If you need access to the CI cluster please join this group.
https://github.com/kubeflow/internal-acls/blob/master/ci-team.members.txt
Lets proceed cautiously in terms of moving our prow infrastructure because we are getting ready to do a release and don't want to disrupt our test infra.
@scottilee opened up kubeflow/testing#475 to track changes to our test infra. I will run mkbuild-cluster as soon as I can.
Issues go stale after 90d of inactivity.
Mark the issue as fresh with /remove-lifecycle stale.
Stale issues rot after an additional 30d of inactivity and eventually close.
If this issue is safe to close now please do so with /close.
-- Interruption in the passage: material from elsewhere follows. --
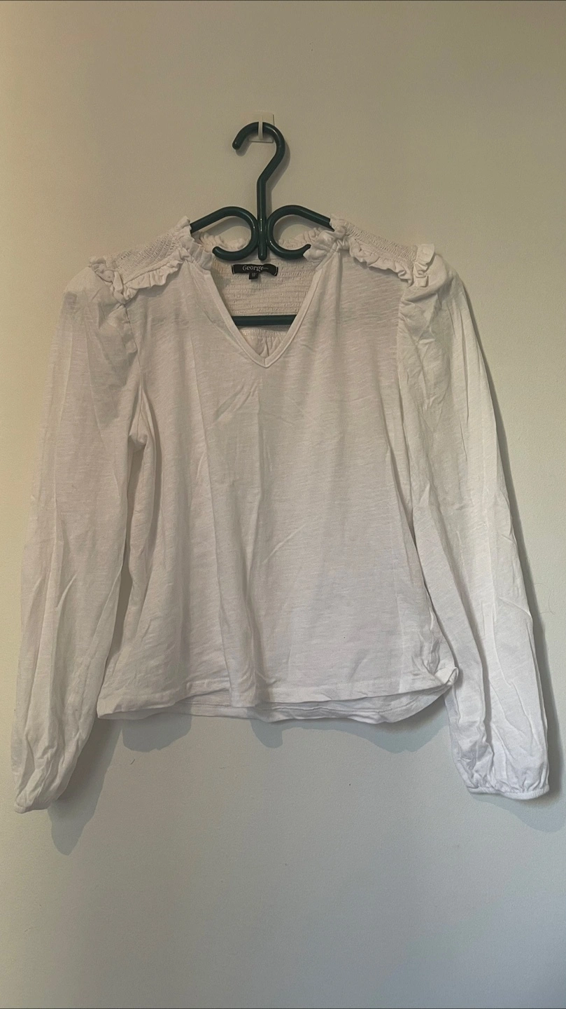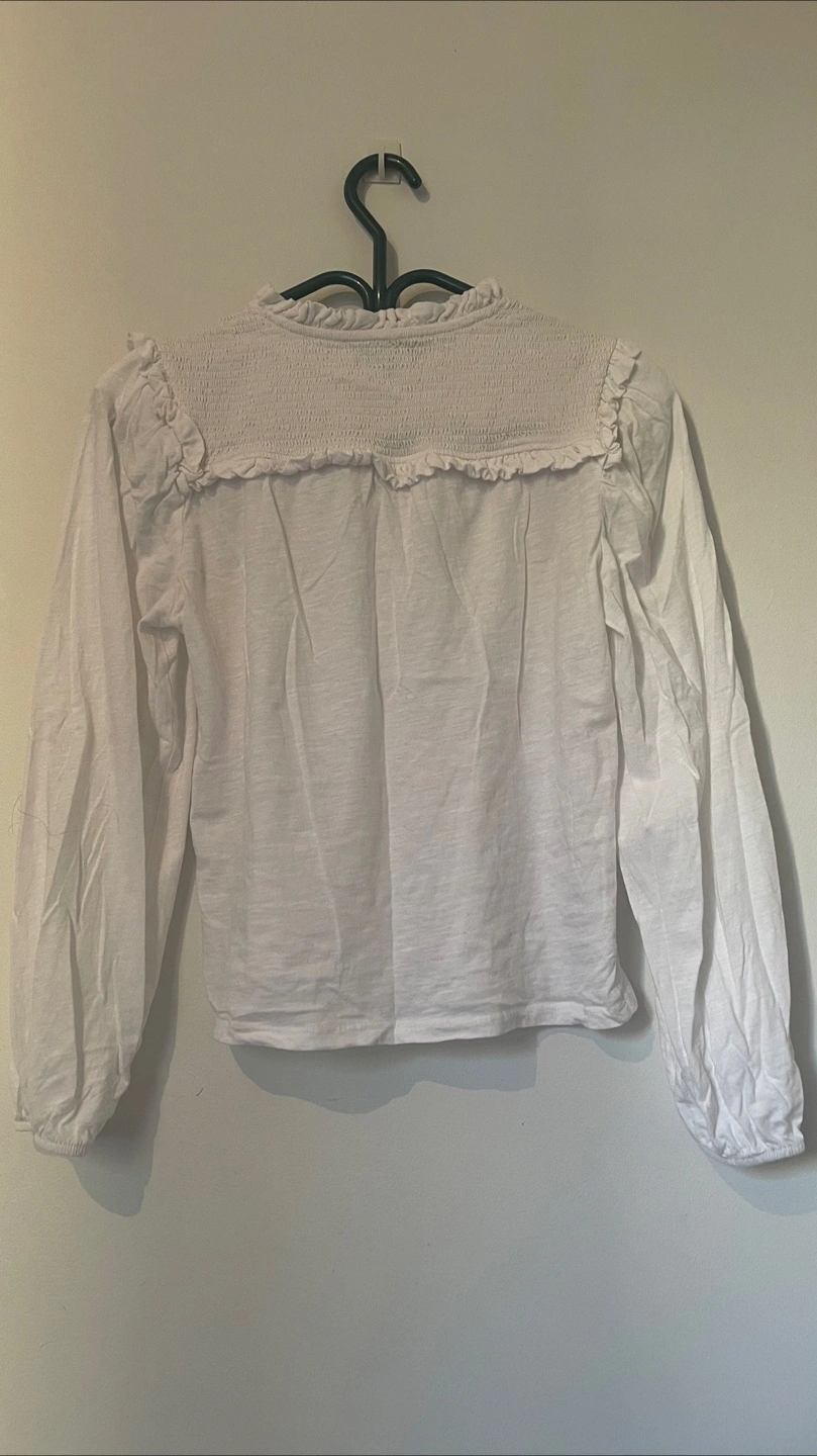 White blouse. Long sleeves. Smocked detail across the back. V-neck cut. Perfect to wear for a comfortable day out or a cozy evening at home.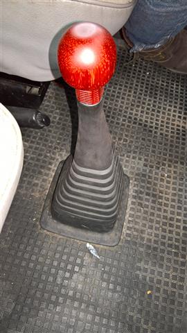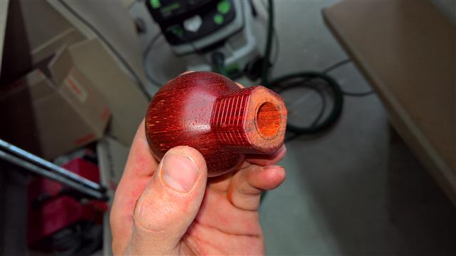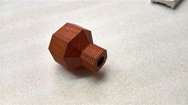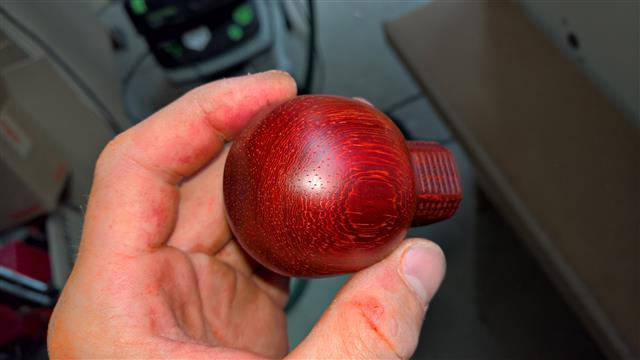 Ik heb er ook een nieuwe pookknop voor gemaakt: Bij gebrek aan een draaibank, de knop op een boormachine gezet, laten draaien en bijgeschuurd. Mooi, en het ligt lekker in de hand

Send feedback to sig-testing, kubernetes/test-infra and/or fejta.
/lifecycle stale
/remove-lifecycle stale
Both https://github.com/kubernetes/test-infra/pull/16898 and are https://github.com/kubernetes/test-infra/pull/16906 merged. Can we close this issue?
Issues go stale after 90d of inactivity.
Mark the issue as fresh with /remove-lifecycle stale.
Stale issues rot after an additional 30d of inactivity and eventually close.
If this issue is safe to close now please do so with /close.
Send feedback to sig-testing, kubernetes/test-infra and/or fejta.
/lifecycle stale
/lifecycle frozen
I believe the first part was merged:
kubernetes/test-infra#16898
Here's the doc @clarketm put together: https://docs.google.com/document/d/17sA-rRBe30bM034nL353CgrXETfy2vMe2m_g_bB_ILY/edit#
I believe per the doc Kubeflow is now using its own build cluster; i.e. the prow jobs run inside a kubeflow owned cluster.
So I believe the next part of the migration is to move from the CNCF/kubernetes prow control plane to the GCP/kubernetes control plane
/assign @Bobgy
I'll try to push this forward moving to GCP/oss-test-infra, so that Kubeflow maintainers can be added as approvers.
I have coordinated with gcp oss prow team and will start the migration this week.
/cc @chaodaiG @jlewi @chensun
I'll put progress log here.
Add @google-oss-robot as kubeflow org admin: https://github.com/kubeflow/internal-acls/pull/418
UPDATE: there's a permission issue on gcp oss prow side.
We are currently blocked by resolving that first.